De acordo com a Fundação Hospitalar do Estado de Minas Gerais (Fhemig), o paciente foi atendido inicialmente no Hospital Regional Antônio Dias e transferido para o João XXIII, referência no tratamento de grandes queimados. Lá, foi submetido à técnica Meek, padronizada desde abril para casos graves.
Segundo Kelly Araújo, coordenadora do Centro de Tratamento de Queimados (CTQ), a técnica permitiu expandir a pequena área de pele não queimada em até nove vezes. “Com as técnicas tradicionais, a expansão era de até quatro vezes. O Meek reduziu o número de cirurgias e acelerou a reabilitação”, explicou.
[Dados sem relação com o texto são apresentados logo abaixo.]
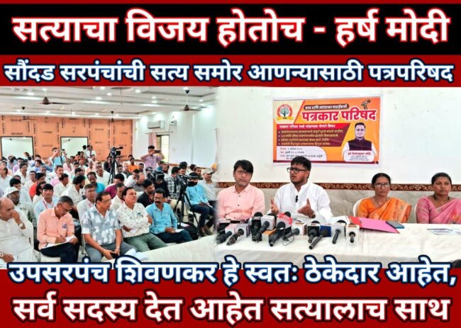 सदर पत्रकार परिषदेला संबोधित करताना सौंदडचे कर्तव्यदक्ष सरपंच हर्ष विनोदकुमार मोदी यांनी सांगितले की, येथील अगोदरच ठेकेदारी करणारे उपसरपंच रोशन शिवणकर यांनी माझ्या विरोधात काही लोकांना घेऊन विना पुराव्याने भ्रष्टाचाराचे, पांदण रस्त्यांवर अतिक्रमण केल्याचे, गैरव्यवहार केल्याचे तत्थ्यहिन आरोप केले. व ते सिध्द करू शकले नाही. यातच काही सोशल मिडीयातून त्यांनी फोटोंसह एडीट करून चुकीची माहिती प्रसारीत करून सौंदड वासियांची चक्क दिशाभूल केली आहे. यावर आम्ही या पारदर्शक व विकासमय सौंदड ग्रामपंचायतची बदनामी केल्याप्रकरणी त्यांच्यावर १ कोटींचा मानहानीचा दावा देखील करण्यात आला व डुग्गीपार पोलीस ठाणे येथे तक्रार दाखल करण्यात आली आहे. येथील जागृत जनतेला सर्व ठाऊक आहे की, सन २०१० पासून मी गोरगरीब जनतेसाठी जनसेवेचा ध्यास घेतला आहे. आमदार डॉ. परीणय फुके यांचे माध्यमातून १० लक्ष रुपयांचा विकासनिधी आणला. आज पूर्वीचे सौंदड कसे होते.? व आज कसे आहे. हे येथील जागृत जनतेचा सर्व माहिती आहे. परंतू ठेकेदारीत ग्रामपंचायतीचे काम न मिळाल्याने ठेकेदार उपसरपंच रोशन शिवणकर हे स्वतःला शेतकरी म्हणविणारे एक कमिशन लाटणारे व्यक्ती आहेत हे जनता जनार्दन यांना माहिती आहे. रोशन शिवणकर यांनी माझ्या राजकीय क्षेत्राची बदनामी करू पाहत आहेत. त्यात शुभम जनबंधू हे सुद्धा सामिल असून अवैध बेहिशेबी मालमत्ता आज यांकडे आली कुठून. मी आजपर्यंत केलेल्या प्रत्येक कामाचा लेखाजोखा हिशोब हा कागदोपत्री नोंद आहे. मी पदभार स्वीकारतात सांगितले होते की, “ठेकेदारी मुक्त सौंदड ग्रामपंचायत” मी बनविणार, मात्र उपसरपंच रोशन शिवणकर यांनी स्वतः ठेकेदारी केली. त्यातच कामात गैरव्यवहार करणे, निकृष्ट दर्जाचे काम करणे व वारंवार बिले काढणे अश्या प्रकारावर मी प्रतिबंध केला असता सुडबुद्धीने ग्रामपंचायतची स्वच्छ पारदर्शक प्रतिमा मलिन करण्याचे षडयंत्र रचले गेले आहे. अश्या खोट्या व्यक्तीच्या खोट्या व बनावट अफवांवर सौंदड ग्रामपंचायत वासियांनी लक्ष देऊ नये. जनतेस माझ्यावर आणि माझा येथील जनतेवर पूर्ण विश्वास आहे. आता सर्व बिनबुडाच्या आरोपांचे पितळ लवकरच उघडे पडणार असून उपसरपंच रोशन शिवणकर यांनी आपला राजीनामा माझ्याकडे तयार ठेवावा. कारण त्यांचा राजीनामा मीच स्विकारणार आहे. मला भारतीय न्याय व्यवस्थेवर पूर्ण विश्वास आहे. यामध्ये “सत्याचाच विजय” होणार आहे. आणि जनतेने सत्याला साथ देण्याचे आवाहन सुद्धा सरपंच हर्ष विनोदकुमार मोदी यांनी झालेल्या पत्रकार परिषदेत केले आहे.

Recuperação e reabilitação
Kauã enfrentou infecções e complicações hepáticas durante os seis meses de internação. Além das cirurgias, recebeu acompanhamento fisioterapêutico para recuperar massa muscular e mobilidade.
O fisioterapeuta João Paulo Brito destacou a evolução do paciente. “Trabalhamos controle de tronco, equilíbrio e força. Quando ele viu o sol pela primeira vez, foi um momento simbólico”, afirmou.
A técnica Meek foi decisiva no tratamento. O equipamento corta a pele em pequenos pedaços, fixados em curativos expansíveis. O Hospital João XXIII foi o primeiro do país a padronizar o método.